= Beginning of Section =

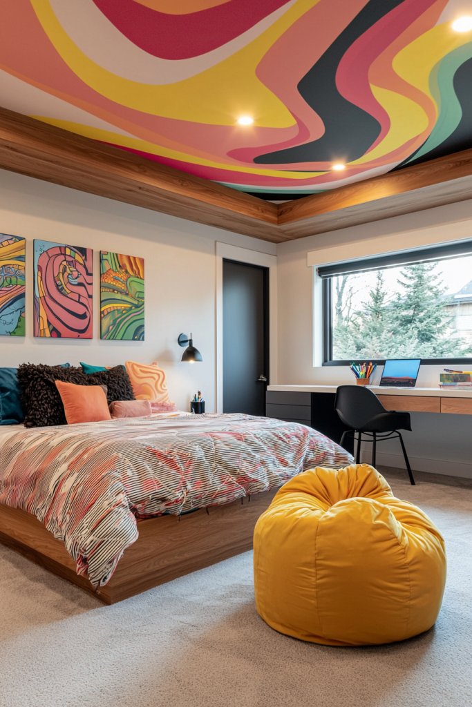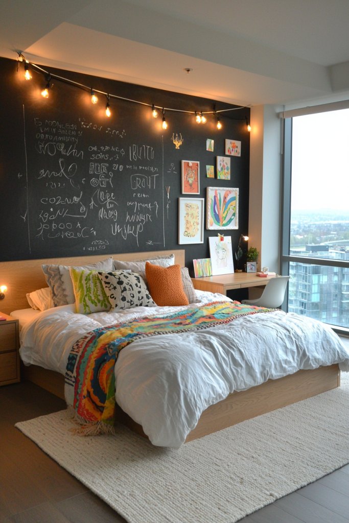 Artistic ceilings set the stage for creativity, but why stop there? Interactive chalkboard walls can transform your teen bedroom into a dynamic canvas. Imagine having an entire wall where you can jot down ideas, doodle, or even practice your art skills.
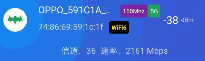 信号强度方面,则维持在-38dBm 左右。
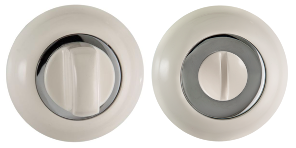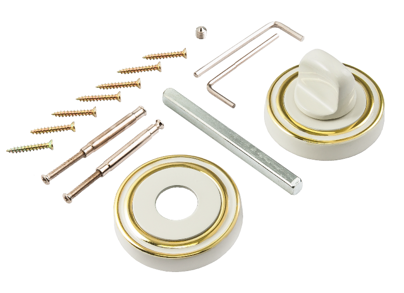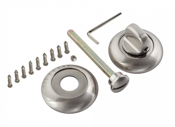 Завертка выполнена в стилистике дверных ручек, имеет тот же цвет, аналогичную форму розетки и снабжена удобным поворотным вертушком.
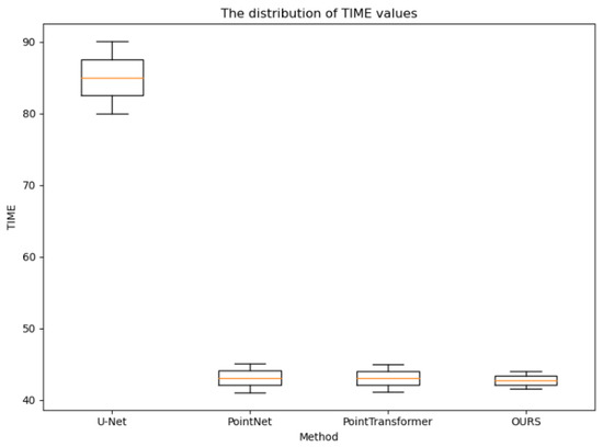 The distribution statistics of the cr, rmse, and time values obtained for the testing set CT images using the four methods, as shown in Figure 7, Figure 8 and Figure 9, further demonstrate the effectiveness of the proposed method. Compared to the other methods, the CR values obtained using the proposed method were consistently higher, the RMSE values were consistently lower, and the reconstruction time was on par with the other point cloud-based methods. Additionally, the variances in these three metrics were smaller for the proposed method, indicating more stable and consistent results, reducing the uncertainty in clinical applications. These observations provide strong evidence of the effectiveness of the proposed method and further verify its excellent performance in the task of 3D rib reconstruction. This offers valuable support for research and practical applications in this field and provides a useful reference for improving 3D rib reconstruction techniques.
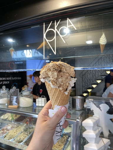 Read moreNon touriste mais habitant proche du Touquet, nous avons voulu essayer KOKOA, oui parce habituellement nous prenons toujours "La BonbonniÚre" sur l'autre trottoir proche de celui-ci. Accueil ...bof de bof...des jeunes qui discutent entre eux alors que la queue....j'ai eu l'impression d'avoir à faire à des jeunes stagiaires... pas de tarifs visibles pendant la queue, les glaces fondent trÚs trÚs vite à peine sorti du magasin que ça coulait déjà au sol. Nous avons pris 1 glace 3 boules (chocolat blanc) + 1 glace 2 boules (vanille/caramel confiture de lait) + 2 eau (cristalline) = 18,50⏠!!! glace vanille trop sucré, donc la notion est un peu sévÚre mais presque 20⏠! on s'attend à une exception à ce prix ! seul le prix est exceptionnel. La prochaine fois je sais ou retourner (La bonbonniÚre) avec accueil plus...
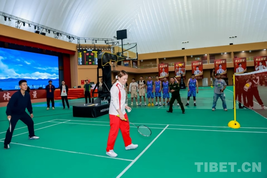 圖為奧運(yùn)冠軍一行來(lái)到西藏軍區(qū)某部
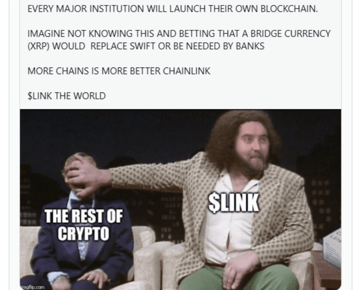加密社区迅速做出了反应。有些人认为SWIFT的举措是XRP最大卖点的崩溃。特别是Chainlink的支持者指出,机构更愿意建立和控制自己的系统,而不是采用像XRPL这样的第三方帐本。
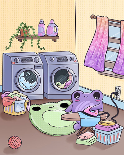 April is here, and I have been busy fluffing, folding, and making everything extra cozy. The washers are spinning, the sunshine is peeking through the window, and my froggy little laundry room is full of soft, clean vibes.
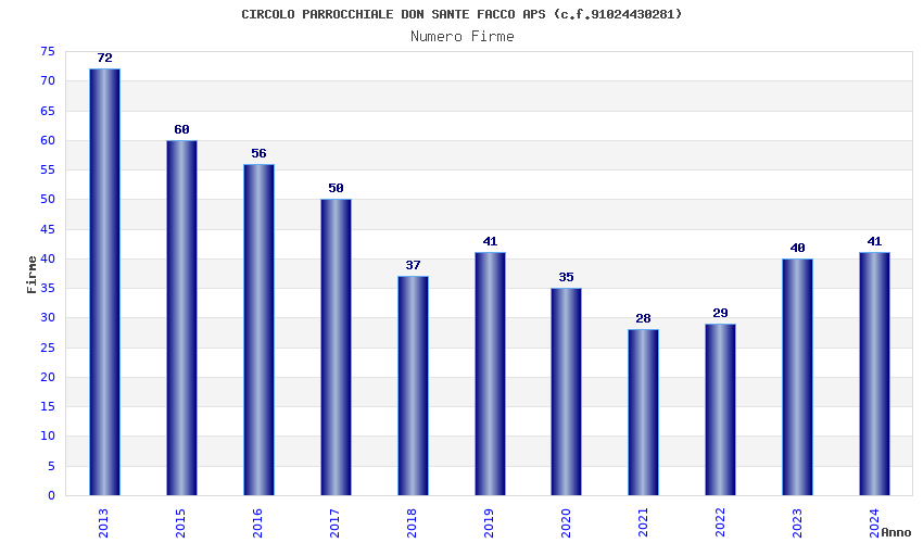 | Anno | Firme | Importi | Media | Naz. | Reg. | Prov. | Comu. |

= End of Section =

EXERCISE DIRECTIONS:
Once the pictures are removed, repeat all of the data above exactly.

ANSWER FOR THIS EXERCISE:
 Artistic ceilings set the stage for creativity, but why stop there? Interactive chalkboard walls can transform your teen bedroom into a dynamic canvas. Imagine having an entire wall where you can jot down ideas, doodle, or even practice your art skills.
 信号强度方面,则维持在-38dBm 左右。
 Завертка выполнена в стилистике дверных ручек, имеет тот же цвет, аналогичную форму розетки и снабжена удобным поворотным вертушком.
 The distribution statistics of the cr, rmse, and time values obtained for the testing set CT images using the four methods, as shown in Figure 7, Figure 8 and Figure 9, further demonstrate the effectiveness of the proposed method. Compared to the other methods, the CR values obtained using the proposed method were consistently higher, the RMSE values were consistently lower, and the reconstruction time was on par with the other point cloud-based methods. Additionally, the variances in these three metrics were smaller for the proposed method, indicating more stable and consistent results, reducing the uncertainty in clinical applications. These observations provide strong evidence of the effectiveness of the proposed method and further verify its excellent performance in the task of 3D rib reconstruction. This offers valuable support for research and practical applications in this field and provides a useful reference for improving 3D rib reconstruction techniques.
 Read moreNon touriste mais habitant proche du Touquet, nous avons voulu essayer KOKOA, oui parce habituellement nous prenons toujours "La BonbonniÚre" sur l'autre trottoir proche de celui-ci. Accueil ...bof de bof...des jeunes qui discutent entre eux alors que la queue....j'ai eu l'impression d'avoir à faire à des jeunes stagiaires... pas de tarifs visibles pendant la queue, les glaces fondent trÚs trÚs vite à peine sorti du magasin que ça coulait déjà au sol. Nous avons pris 1 glace 3 boules (chocolat blanc) + 1 glace 2 boules (vanille/caramel confiture de lait) + 2 eau (cristalline) = 18,50⏠!!! glace vanille trop sucré, donc la notion est un peu sévÚre mais presque 20⏠! on s'attend à une exception à ce prix ! seul le prix est exceptionnel. La prochaine fois je sais ou retourner (La bonbonniÚre) avec accueil plus...
 圖為奧運(yùn)冠軍一行來(lái)到西藏軍區(qū)某部
加密社区迅速做出了反应。有些人认为SWIFT的举措是XRP最大卖点的崩溃。特别是Chainlink的支持者指出,机构更愿意建立和控制自己的系统,而不是采用像XRPL这样的第三方帐本。
 April is here, and I have been busy fluffing, folding, and making everything extra cozy. The washers are spinning, the sunshine is peeking through the window, and my froggy little laundry room is full of soft, clean vibes.
 | Anno | Firme | Importi | Media | Naz. | Reg. | Prov. | Comu. |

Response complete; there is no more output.